The college must also beef up its strategic plan and the system it has in place to evaluate its own effectiveness. Anderson said the commission also wanted to see the college create budget projections further into the future.

In 2011, the Middle States Commission put BCCC on probation status amid concerns about the school’s ability to evaluate student learning. BCCC was taken off probation and had its accreditation reaffirmed about a year later after the Middle States Commission concluded the college had resolved the issue. BCCC was also warned in 2004 after it failed to submit a report on deadline, but its accreditation was reaffirmed two months later, Pokrass said.

BCCC has faced a drop in enrollment of more than 20 percent in recent years, and in a report to the Middle States Commission cited enrollment and the loss of tuition revenue as its most pressing concerns. The college’s former president, Carolane Williams, was forced out in 2012 amid a string of controversies, and the college continues to search for her replacement.

The loss of other revenue sources has been another challenge for the college, Anderson said. Besides a loss of tuition revenue from the enrollment decline, the college has also seen some of its state support cut — $1.2 million in the last month, she said. BCCC is the only community college funded by the state.

“It’s a great team here, but we’re going to be struggling to make sure we keep the dollars where they need to be,” Anderson said.

BCCC is not the only Maryland college to face scrutiny from the accrediting body this year. In March, Sojourner-Douglass College in Baltimore was ordered to show cause as to why its accreditation should not be revoked, the most serious step the Middle States Commission can take before pulling a school’s accreditation.

The Middle States Commission did not cite any problems with the school’s academics but was concerned about its finances. Court records show the Internal Revenue Service filed three federal tax liens totaling about $5 million against Sojourner-Douglass in January and February. And in Sojourner-Douglass’ 2011 federal tax filings, the latest publicly available, the college said that it had nearly $16 million in liabilities and $18 million in assets.

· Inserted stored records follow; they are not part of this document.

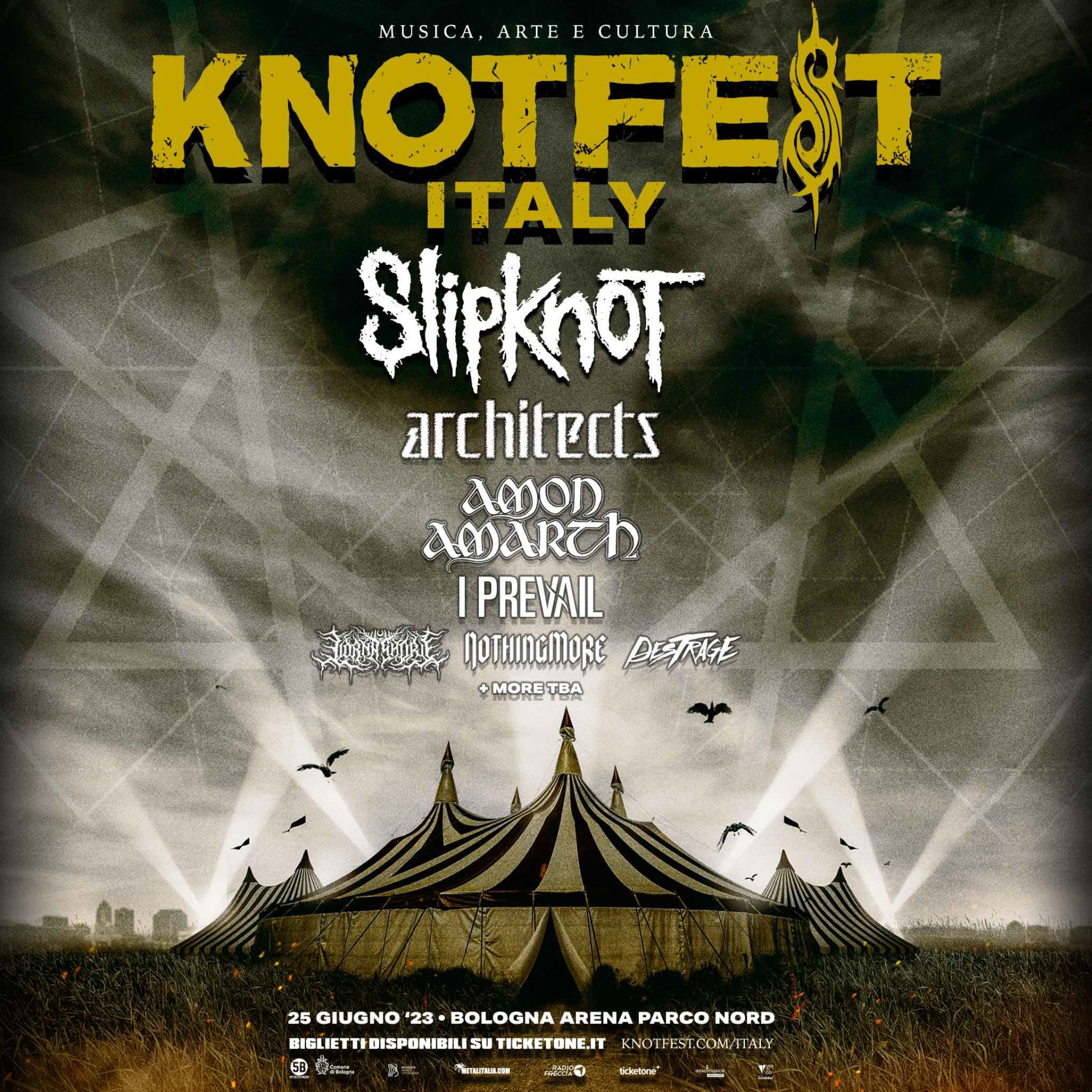 Musica, arte e cultura: KNOTFEST ITALY si svolgerà domenica 25 giugno 2023 all’Arena Parco Nord di Bologna. Per la prima volta in assoluto quindi – dopo Stati Uniti, Giappone, Messico, Colombia, Francia, Germania, Finlandia, Cile, Brasile e Australia – anche il nostro Paese ospiterà il famoso festival itinerante creato dagli SLIPKNOT nel 2012 e divenuto, nel corso degli anni, uno degli appuntamenti più rilevanti al mondo.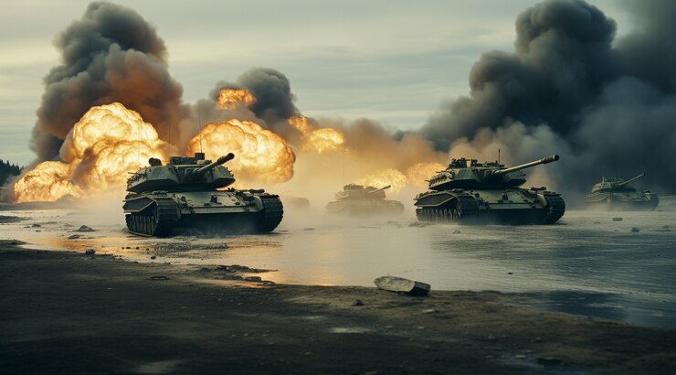 Рисунок 2. Наступление танковой роты по побережью Ниццы. Войска Рейха использовали танки для уничтожения опорников противника в Ницце, стремительного захвата важных точек и широкого охвата самого города. Поддерживая мотопехоту они стремительным наступлением занимали предместья и отсекали подкрепления. Имперские танковые войска отличались предпочтением средней и тяжёлой бронетехники. Они уступали в технологичности танковым Директории Коммун, Информакратии и Либеральной Капиталистической Республике, однако многократно превосходили в количестве машин и совокупной огневой мощи.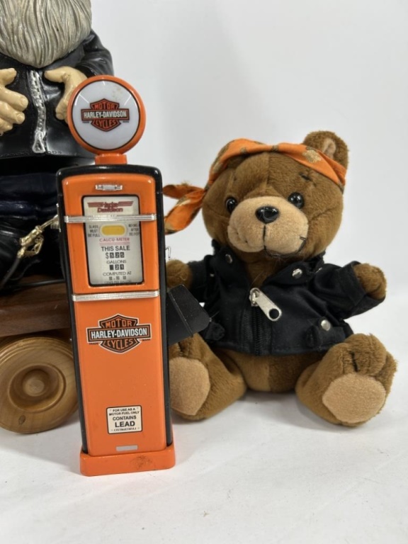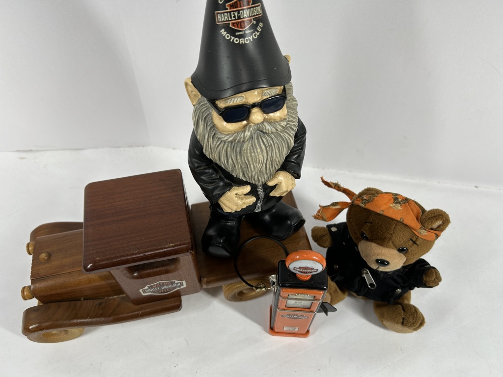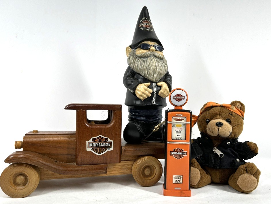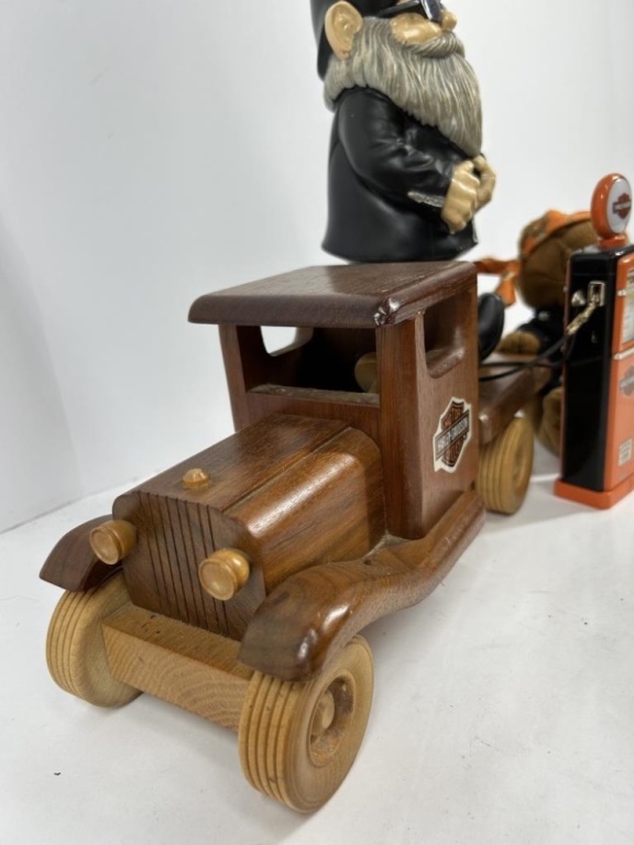 MINIATURE HARLEY-DAVIDSON GAS PUMP, WOODEN HARLEY TRUCK, BIKER BEAR AND HARLEY-GNOME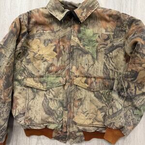 Vintage Camouflage Bomber Jacket Men's Large Boxy 90s Full Zip Camo Hunting 90s

The Middle States Commission ordered the college to demonstrate by a September deadline that it could fix its finances and create a plan to accommodate students in case accreditation was revoked. The accrediting body meets three times a year and is expected to re-evaluate the Sojourner-Douglass case at its next meeting in November.

In 2011, the Middle States Commission also revoked the accreditation of Baltimore International College, a private institution that taught cooking skills and hospitality management.